MAOMÉ (MUHAMMAD) E OS ESCRAVOS

O Islão veio para dar direitos às mulheres e acabar com a escravatura…. Já vimos os direitos das mulheres no Islão. Se não, clique aqui. Agora vamos ver a remoção da escravatura por Maomé. Ele é o profeta do Islão e o chamado maior profeta de todos os tempos. Se ainda não leu sobre ele, por favor clique aqui. Os escravos eram propriedade e os árabes comercializavam escravos. Maomé, o maior profeta, removeu a escravatura segundo os conceitos islâmicos. Os muçulmanos adoram mencionar Bilal, o escravo negro a quem foi dada a honrosa tarefa de chamar para a oração e, de alguma forma, isso supostamente mostra que ele honrava os escravos ou até mesmo os escravos negros. Bilal retirou-se desse dever sagrado logo após a morte de Maomé, o que os muçulmanos afirmam que ele estava tão triste que não conseguia realizar esse dever …. (sim, por favor, sem risos).

O comércio de escravos árabes que existia mesmo antes de Maomé, mas vamos falar apenas sobre o comércio de escravos islâmico que durou mais tempo, do século VII ao século XX. A maioria dos quais eram escravos negros e geralmente castrados. Ao longo da vida de Maomé, ele não apenas possuiu escravos, mas também esteve envolvido no comércio de escravos.

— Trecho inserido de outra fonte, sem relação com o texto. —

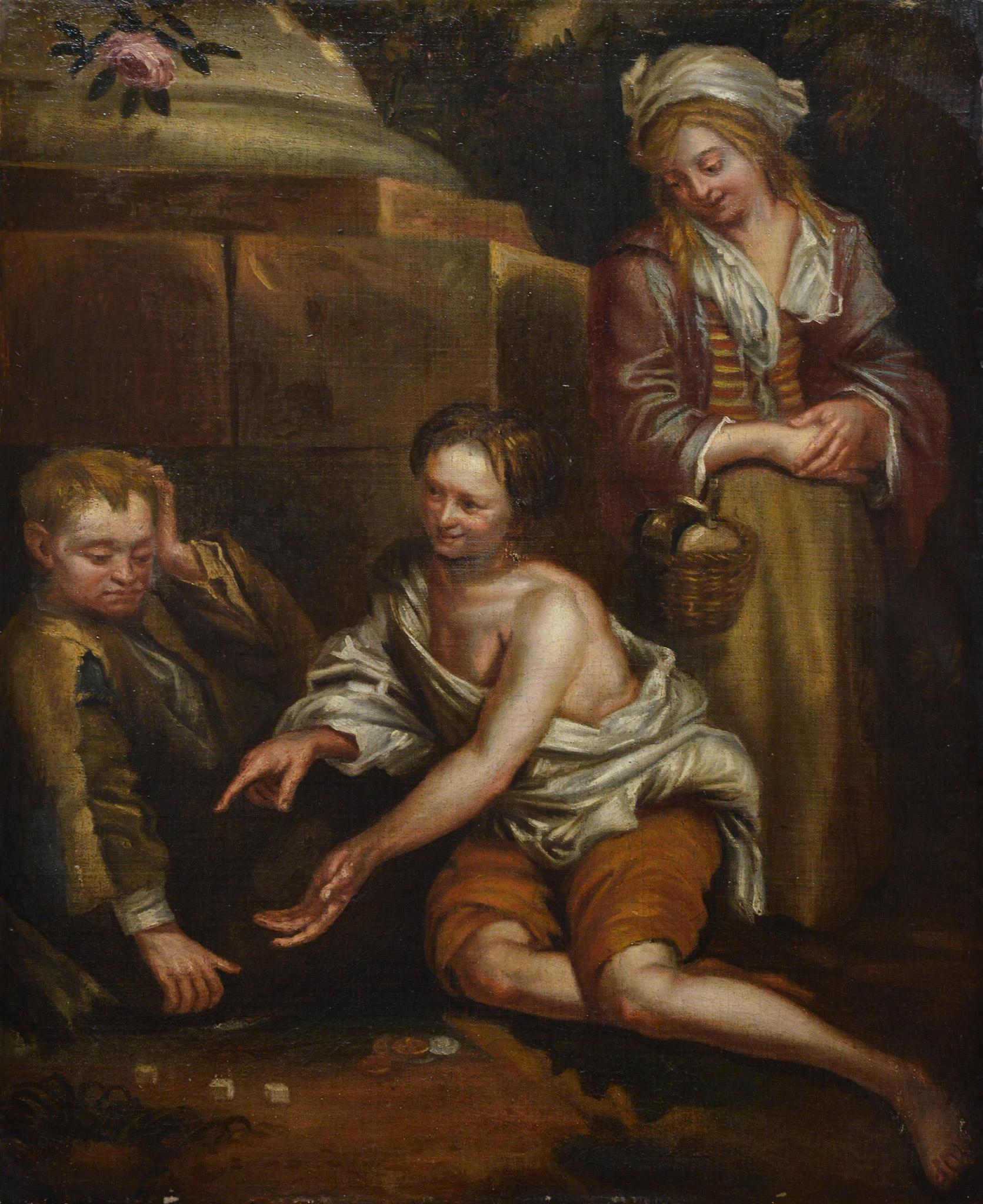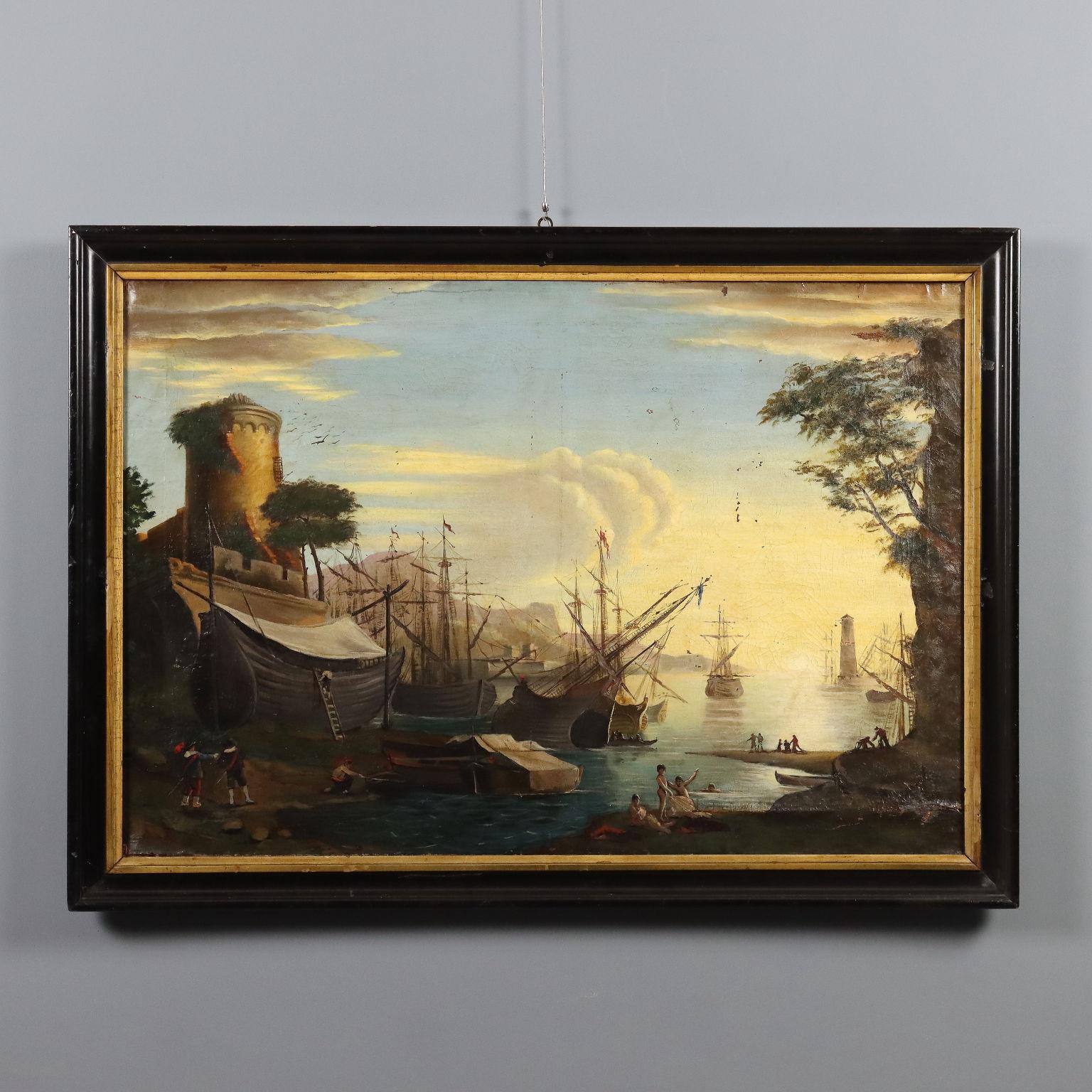 The painting combines naturalism with the wash method of watercolour painting and a reduced palette which allows for a rich harmony of shadow and light. Although appearing to simply utilize monotone colours, closer inspection reveals splashes of quite vivid colours; the yellow on the horizon, a deep crimson on the trousers of one of the figures, blue in the nets etc. The colour is subtle but adds a richness to the overall composition implying that this artist has received an academic training; knowing how to get the most from the materials.

O ESCRAVO NEGRO CONDUTOR DE CAMELOS DE MAOMÉ Narrado por Anas bin Malik: O Apóstolo de Alá estava de viagem e ele tinha um escravo negro chamado Anjasha, e ele estava a conduzir os camelos (muito rápido, e havia mulheres a montar nesses camelos). O Apóstolo de Alá disse: “Waihaka (Que Alá seja misericordioso contigo), Ó Anjasha! Conduz devagar (os camelos) com os recipientes de vidro (mulheres)!” (Sahih Bukhari 8:73:182 ou Sahih al-Bukhari, 6161)

O ESCRAVO NEGRO DE MAOMÉ EM CASA Narrado por ’Umar: Cheguei e eis que o Mensageiro de Alá (ﷺ) estava hospedado numa Mashroba (sótão) e um escravo negro do Mensageiro de Alá (ﷺ) estava no topo das suas escadas. Eu disse-lhe: “(Diz ao Profeta) que aqui está ’Umar bin Al-Khattab (a pedir permissão para entrar).” Então ele deixou-me entrar. (Sahih Bukhari 9:91:368 ou Sahih Bukhari 7263)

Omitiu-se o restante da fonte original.